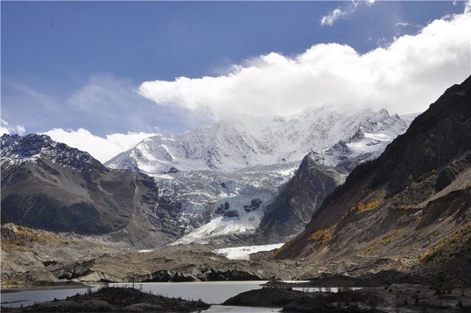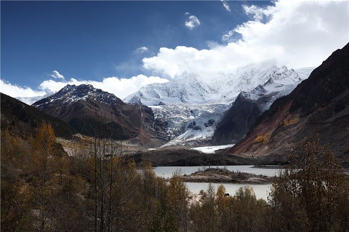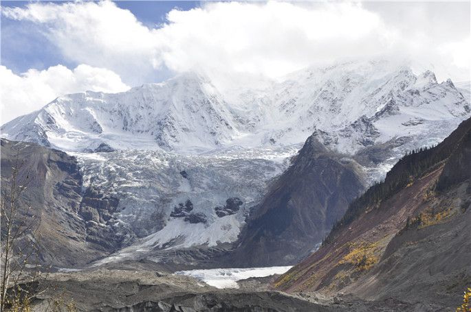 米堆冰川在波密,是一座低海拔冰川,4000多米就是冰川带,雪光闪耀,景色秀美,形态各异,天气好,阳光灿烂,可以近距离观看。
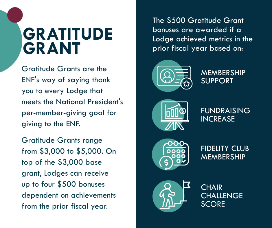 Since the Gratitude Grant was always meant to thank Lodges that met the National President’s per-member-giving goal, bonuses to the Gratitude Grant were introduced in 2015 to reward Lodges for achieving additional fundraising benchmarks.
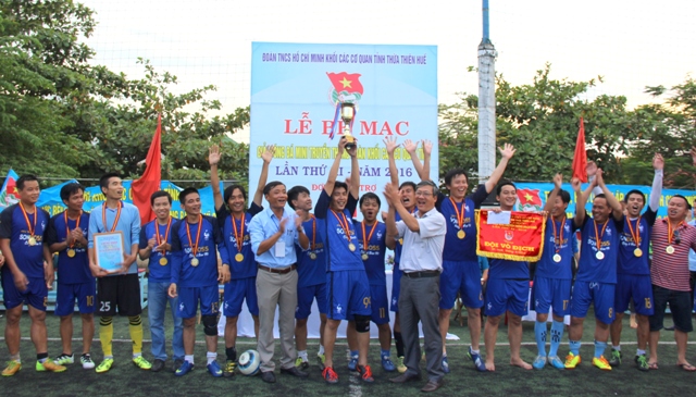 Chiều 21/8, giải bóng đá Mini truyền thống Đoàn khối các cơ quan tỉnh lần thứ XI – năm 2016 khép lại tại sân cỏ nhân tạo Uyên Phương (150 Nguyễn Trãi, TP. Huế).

**WHAT YOU ARE ASKED TO DO:**
What you write should match, word for word, the lines from the one containing "Since the Gratitude" to the end of the listing, with both ends kept and the pictures left out.

**WRITTEN SOLUTION:**
 Since the Gratitude Grant was always meant to thank Lodges that met the National President’s per-member-giving goal, bonuses to the Gratitude Grant were introduced in 2015 to reward Lodges for achieving additional fundraising benchmarks.
 Chiều 21/8, giải bóng đá Mini truyền thống Đoàn khối các cơ quan tỉnh lần thứ XI – năm 2016 khép lại tại sân cỏ nhân tạo Uyên Phương (150 Nguyễn Trãi, TP. Huế).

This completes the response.